-- TASK GOAL --
Type out the lines below exactly, pictures excluded.

-- DATASET SECTION --
=== Section Start ===

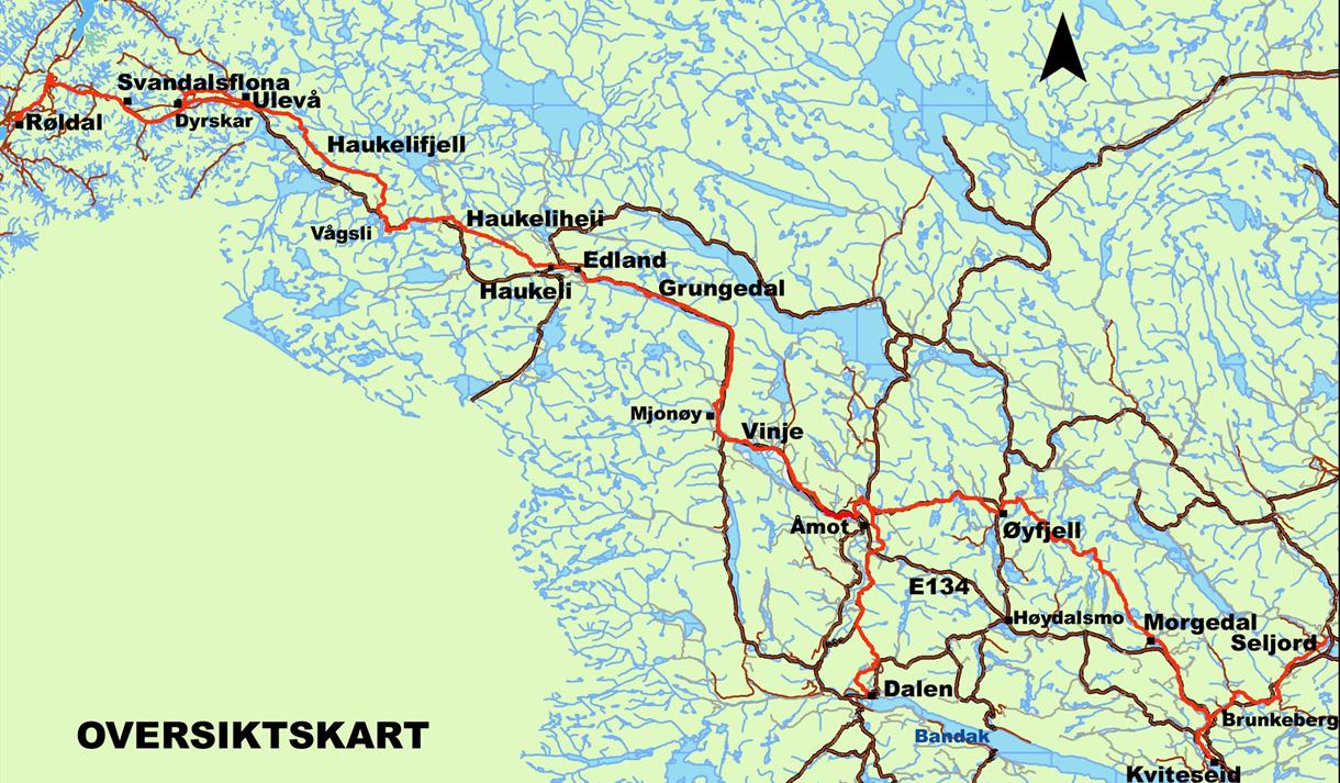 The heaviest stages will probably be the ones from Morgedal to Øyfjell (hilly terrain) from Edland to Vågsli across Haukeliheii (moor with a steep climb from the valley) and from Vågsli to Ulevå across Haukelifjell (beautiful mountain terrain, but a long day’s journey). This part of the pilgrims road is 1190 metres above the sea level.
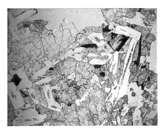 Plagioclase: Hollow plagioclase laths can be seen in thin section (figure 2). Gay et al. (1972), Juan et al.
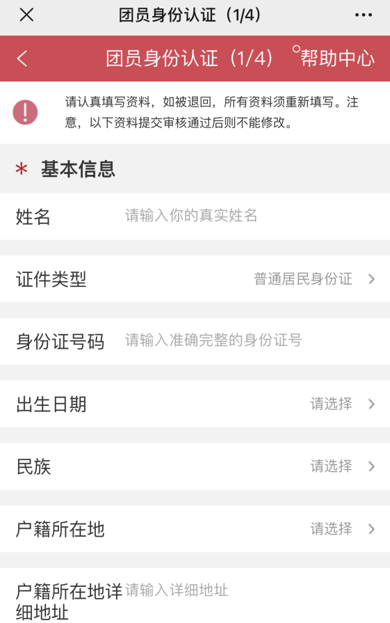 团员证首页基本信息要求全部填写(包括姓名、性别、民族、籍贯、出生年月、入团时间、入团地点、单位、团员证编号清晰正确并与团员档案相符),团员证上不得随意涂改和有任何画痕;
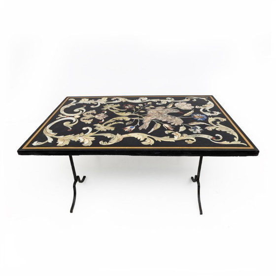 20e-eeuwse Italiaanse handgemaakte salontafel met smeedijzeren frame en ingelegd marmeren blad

=== Section End ===

-- TASK ANSWER --
 The heaviest stages will probably be the ones from Morgedal to Øyfjell (hilly terrain) from Edland to Vågsli across Haukeliheii (moor with a steep climb from the valley) and from Vågsli to Ulevå across Haukelifjell (beautiful mountain terrain, but a long day’s journey). This part of the pilgrims road is 1190 metres above the sea level.
 Plagioclase: Hollow plagioclase laths can be seen in thin section (figure 2). Gay et al. (1972), Juan et al.
 团员证首页基本信息要求全部填写(包括姓名、性别、民族、籍贯、出生年月、入团时间、入团地点、单位、团员证编号清晰正确并与团员档案相符),团员证上不得随意涂改和有任何画痕;
 20e-eeuwse Italiaanse handgemaakte salontafel met smeedijzeren frame en ingelegd marmeren blad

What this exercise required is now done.